As a man, have you ever had long nappy hair? Have you ever done your daughters hair if it was longer and nappy? Do you know how much considerable time and effort to takes to do it? I take a minimum of two hours from start to finish to style my own hair and my children's hair. That's wash, condition, comb, brush, grease, braid/plait/ponytail/twists. 2 hours per person that can stretch to 6 hours depending on the style.

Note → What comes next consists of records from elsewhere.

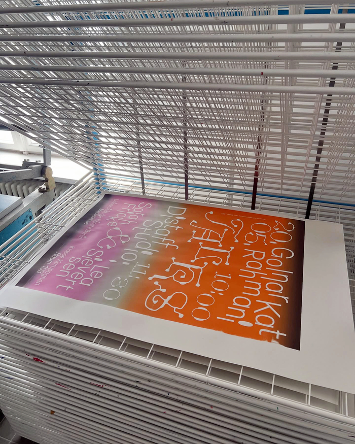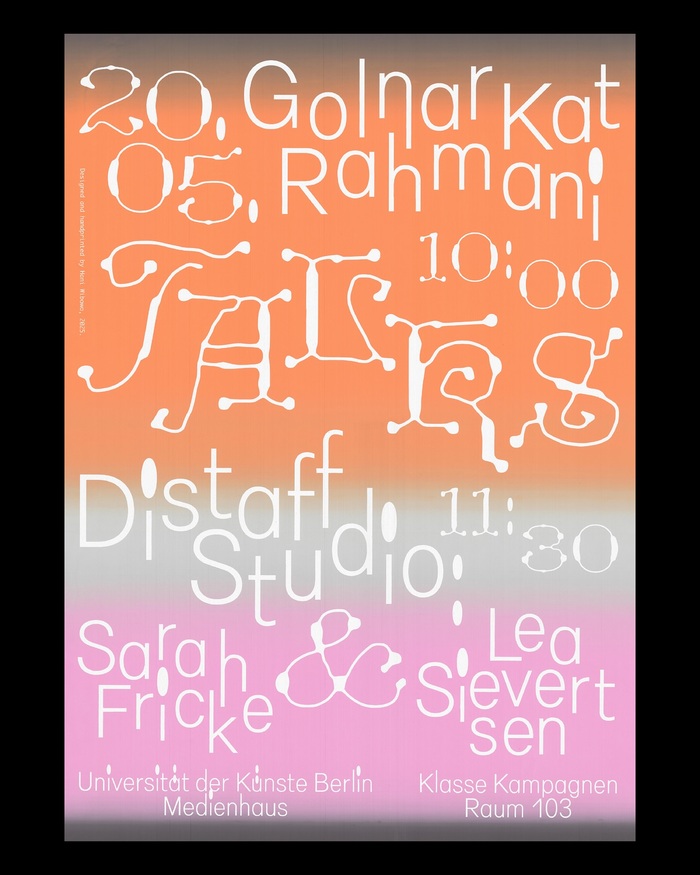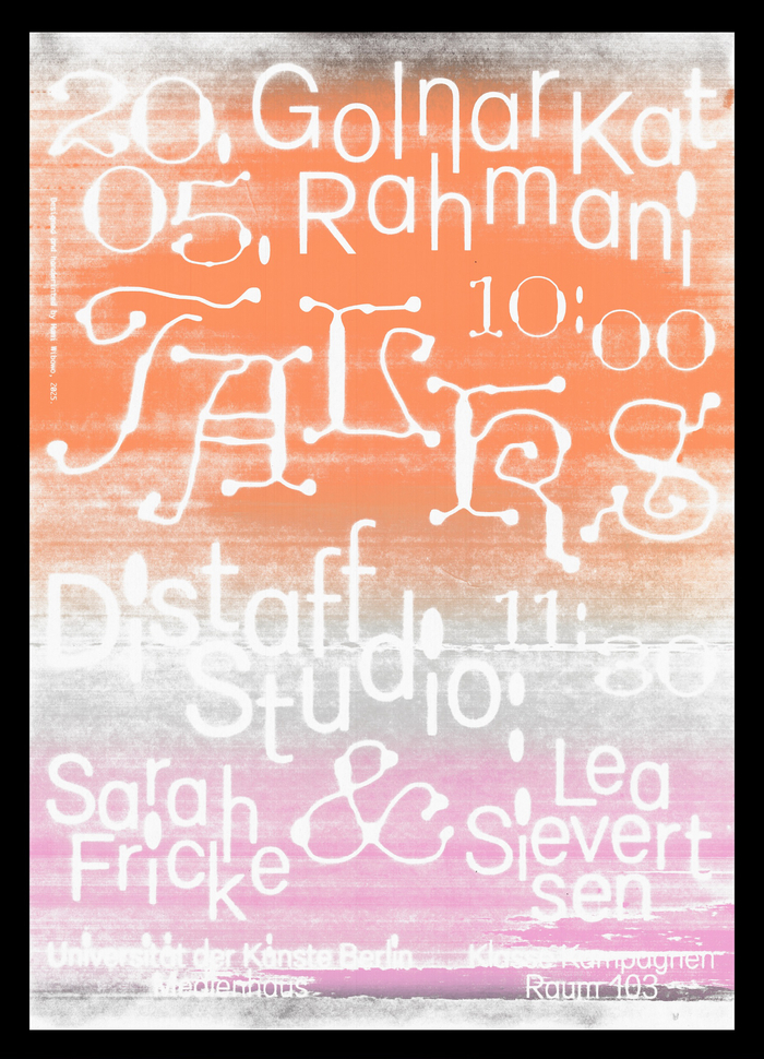 Posters designed by Hani Wibowo for the design talks with Golnar Kat Rahmani and Sarah Fricke & Lea Sievertsen of Distaff Studio at UdK Berlin’s Klasse Kampagnen.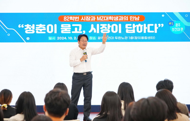 강기정 광주광역시장은 2일 광주보건대학교를 찾아 ‘청춘이 묻고 시장이 답하다’를 주제로 대학생들을 만났다.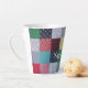 This fun and colourful patchwork mug has a very traditional appearance, the fabric patchwork image on the unusual mug is taken from a photograph of an original patchwork design. The colourful handmade patchwork fabric has been photographed to show it looking natural and "pre-loved" you may even see a few pet hairs! and there will be loose threads and creases, this all makes up the natural look of a much loved traditional piece of patchwork fabric. The natural look of the image on this mug gives it a quirky and traditional look. This is a customizable mug, you can personalize it with your own text.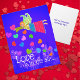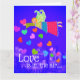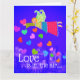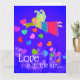 Love is in the Air is the message on this Valentine postcard. A naif folk art Angel flies over the town with her feathery wings. She is surrounded by bright colorful hearts fluttering in the sky. All text on the front and back can be customized with your own special message! This design is suitable for anyone from kids to adults.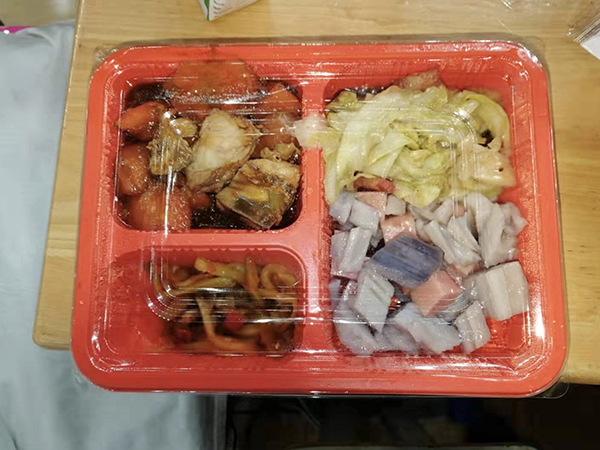 在漢江方艙治療的王漢民也已退燒多日,在女兒的遠(yuǎn)程協(xié)助下,他學(xué)會(huì)了用微信發(fā)圖片,每每拿到醫(yī)護(hù)人員分發(fā)的盒飯,他會(huì)第一時(shí)間拍下,發(fā)給女兒:“2月9日,今天早上有香蕉和牛奶,中午是蹄花,木耳炒肉和青菜,都是比較有營養(yǎng)的?!?/p>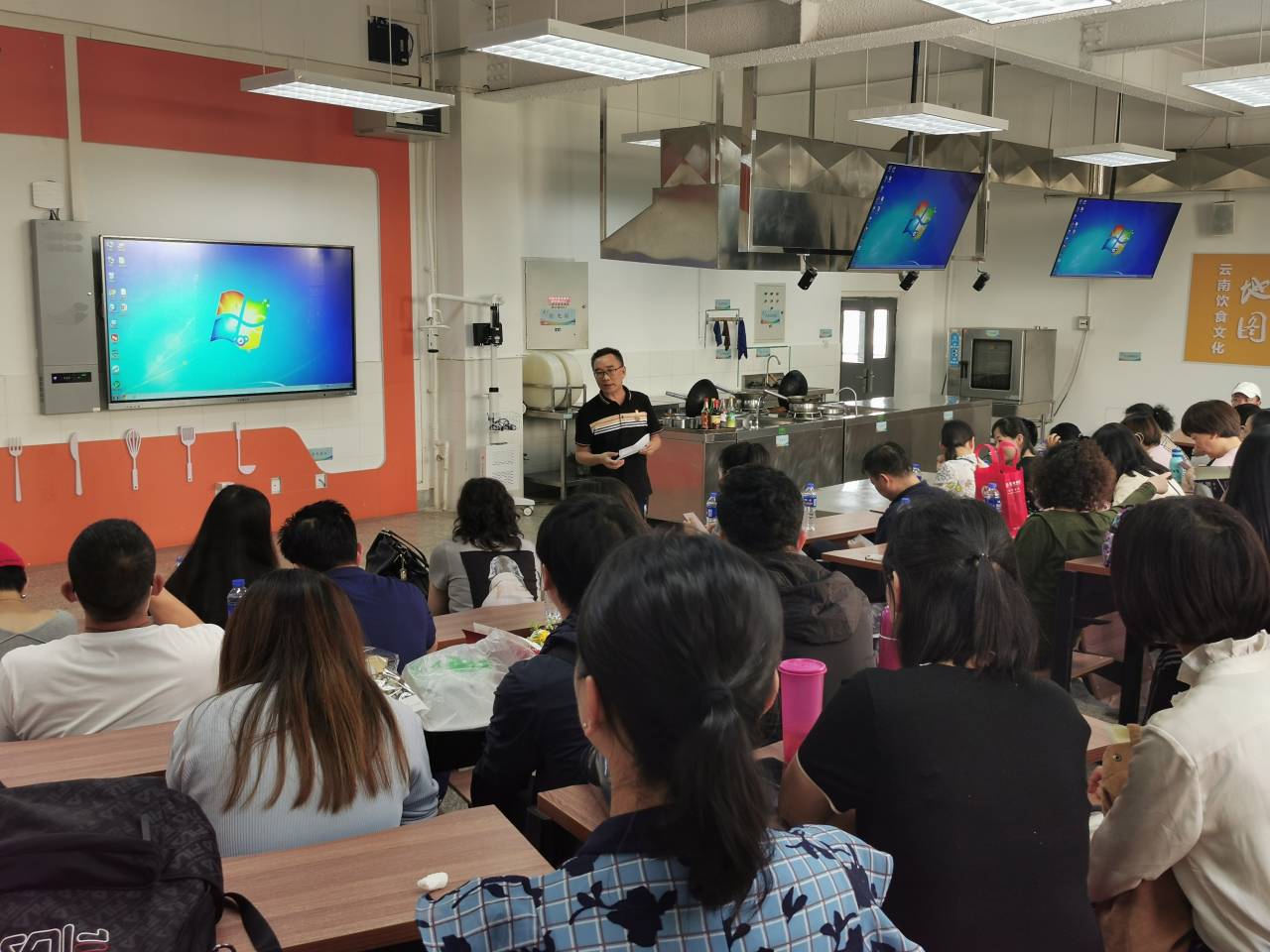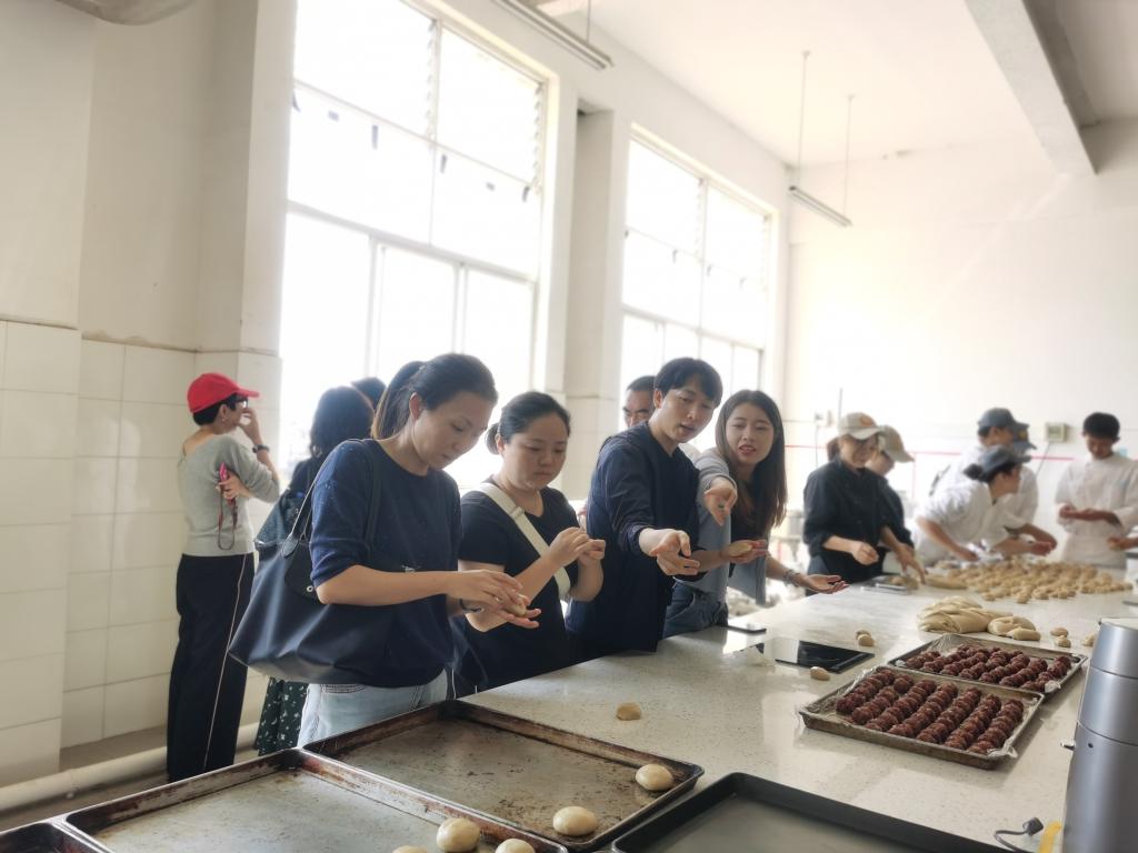 活动开始前,首先旅游公司党委书记王建华向全体教职工表达了节日祝福,带领全体教职工认真学习了习近平总书记“七一”重要讲话精神,结合身边事教育身边人的主题,教育引导广大教师崇德修身、潜心 教书育人。在学习结束后,全体教职工前往烹饪实训大楼,由烹饪专业特聘教师徐伟大师讲授滇八件之一的云腿月饼制作材料、过程,并亲自示范,带领全体教职工制作云腿月饼。在一片欢声笑语中,本次教师节庆祝活动划上了圆满的句号。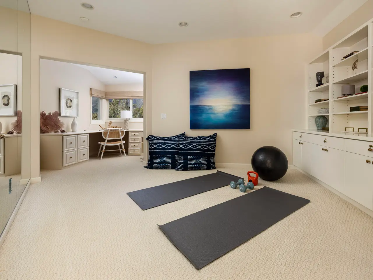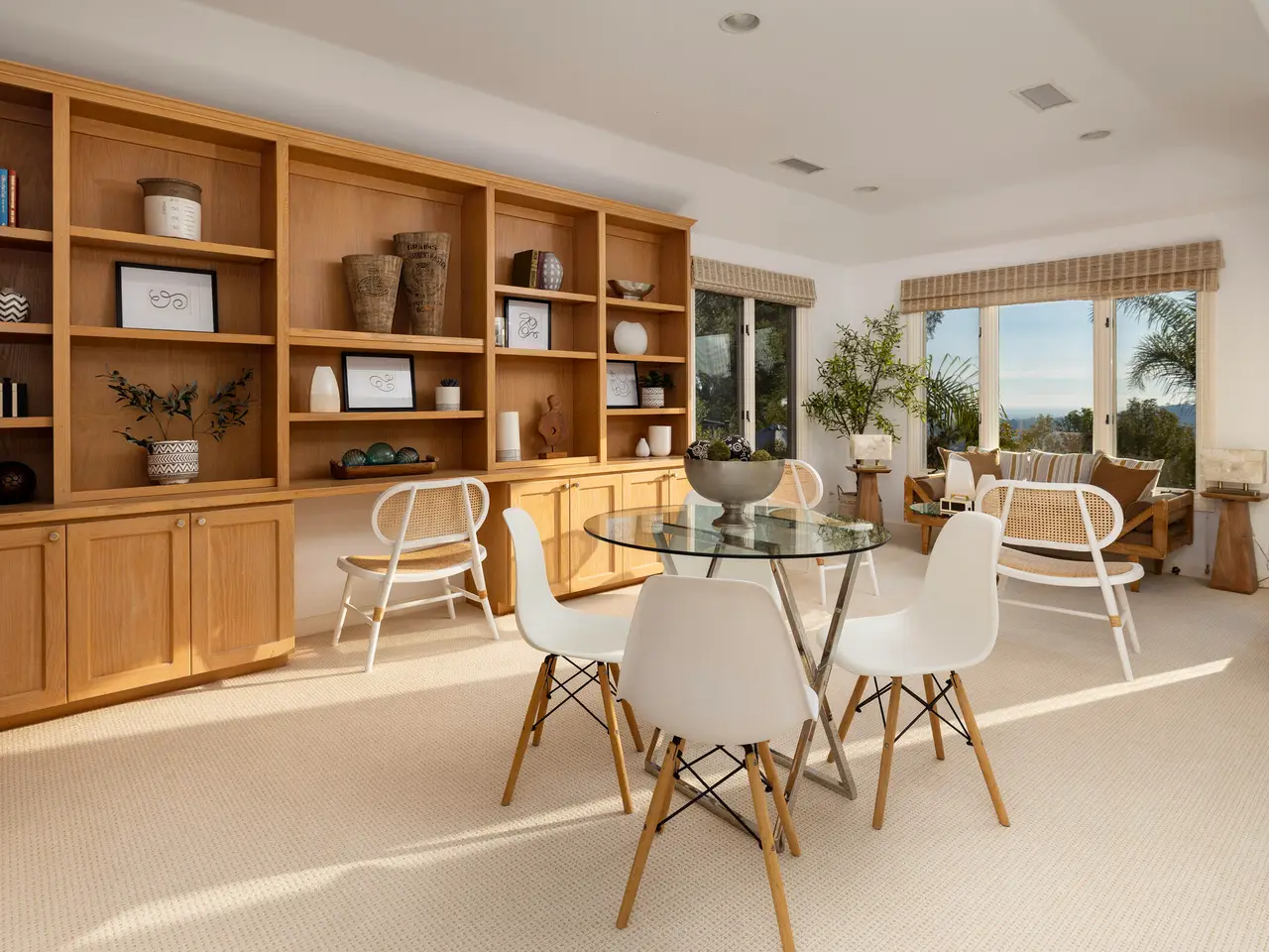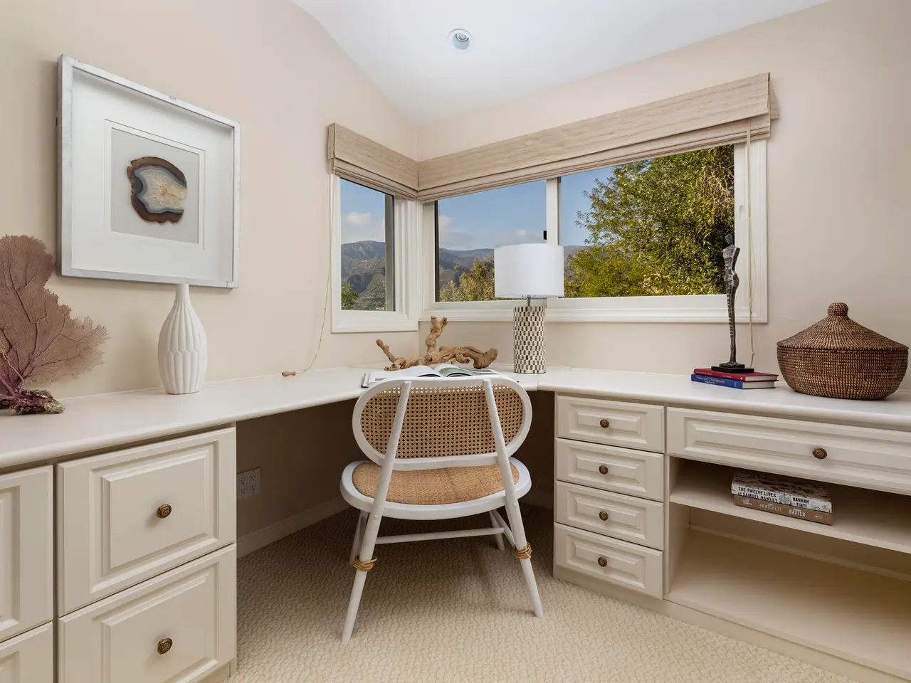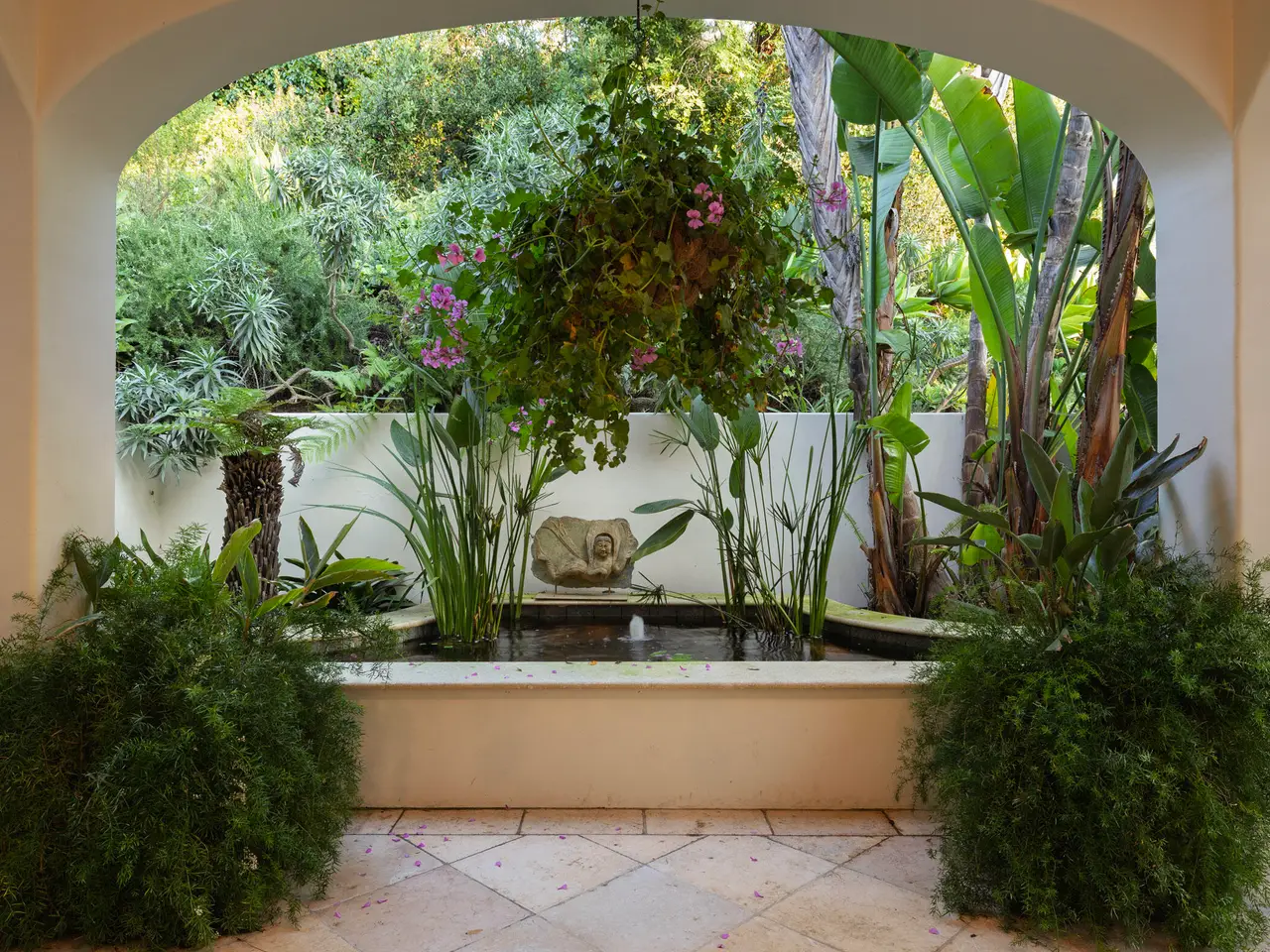 Behind private gates on Calle Elegante, a world of serenity and beauty unfolds on 1.7 lush acres. The moment you step inside, walls of glass reveal sweeping views of the ocean, islands, harbor, and mountains--reminders that this is no ordinary home, but a sanctuary elevated by nature itself. The story begins in the heart of the house, where soaring ceilings, stone floors, and a fireplace anchor the formal living room. Light pours in, filling the space with warmth, while the dining and family rooms blend seamlessly with the kitchen, creating an open, effortless flow for gatherings both large and small. Upstairs, the primary suite continues the story of retreat and renewal. With its own sitting room, private fireplace, and adjoining office, it's a place to wake slowly to the sunrise or wind down as the evening light paints the horizon. Two additional en-suite bedrooms carry the story further: one with doors that open directly to a secret garden hideaway, and the other framing the drama of the mountains. Step outside, and the home transforms into a private resort carved into the hillside. Inspired by the love of the Bacara Resort, the current owner designed the pool terrace to rival the luxury of a five-star retreat without ever leaving home. A sparkling pool shimmers in the sunlight, anchored by a covered patio with outdoor fireplace, a fully equipped outdoor kitchen, and multiple lounge areas. Here, mornings begin with quiet coffee overlooking the coastline, and evenings end with golden sunsets shared among friends. For visitors, a private guest suite above the garage offers decks, views, and independence a retreat within a retreat. Surrounding it all are lovely gardens, a koi pond, and mature trees that have grown into characters of their own, wrapping the home in shade, color, and year-round beauty.This is a home designed not just to live in, but to live well. Located in the sought-after Cold Spring School District, it blends elegance with comfort, privacy with welcome, and luxury with nature an everyday escape on Calle Elegante.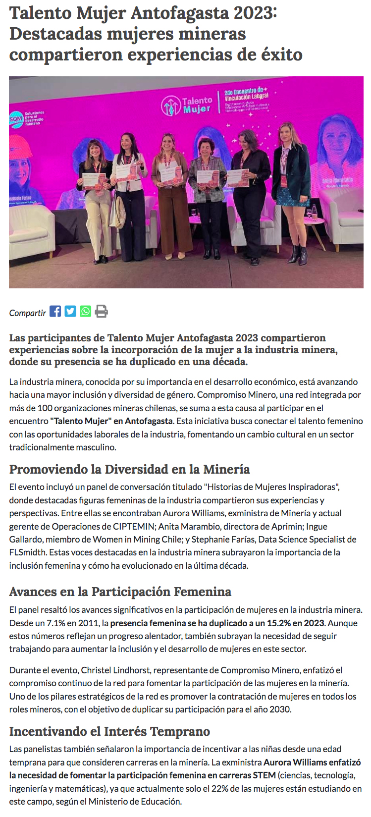 Destacadas mujeres mineras compartieron experiencias de éxito - (antofagastanoticias)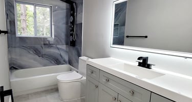 Our bathroom remodeling projects transform outdated spaces into modern, functional, and elegant bathrooms across Northern Virginia. We specialize in walk-in showers, frameless glass enclosures, custom vanities, and designer tile work, combining quality materials with efficient layouts to create clean, spa-like spaces that enhance comfort and long-term value.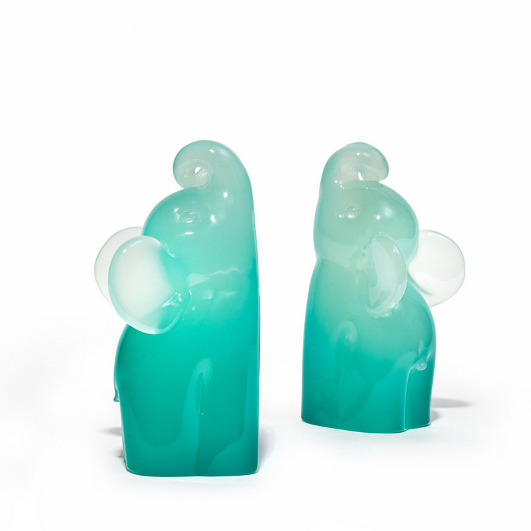 Una coppia di elefantini reggilibro in vetro opalino sfumato verdemare circa 1955.

Not only do some women not have the ability to do such styles, many don't have the time.

I would say... forgive them for they know not what they do.

And I see many natural haired women around everyday. Some of those who have straight(er) hair... might actually be black women. Not all of us are caintchy-dontchy nappy. And not all of us who wear weaves and wigs have problems of insecurity with ourselves and our hair.... tho I concede that many us do. Many of us think black men (or any man) wants a women with long straight hair. We believe that because men do compliment and chat up long straight hair on women a lot. Black men have come to appreciate more of what they think black women do not have - long hair. And straight hair shows it's length better nappy hair. Nappy hair has a shrinkage factor of of anywhere from 20%-70% so you can't see the longer length of hair that many people desire and fawn over.

If you want a natural haired woman, they are out there.
But don't judge a sista too harshly for the weave/relaxers/wigs.
Chat her up first before you set your judgment of her in stone.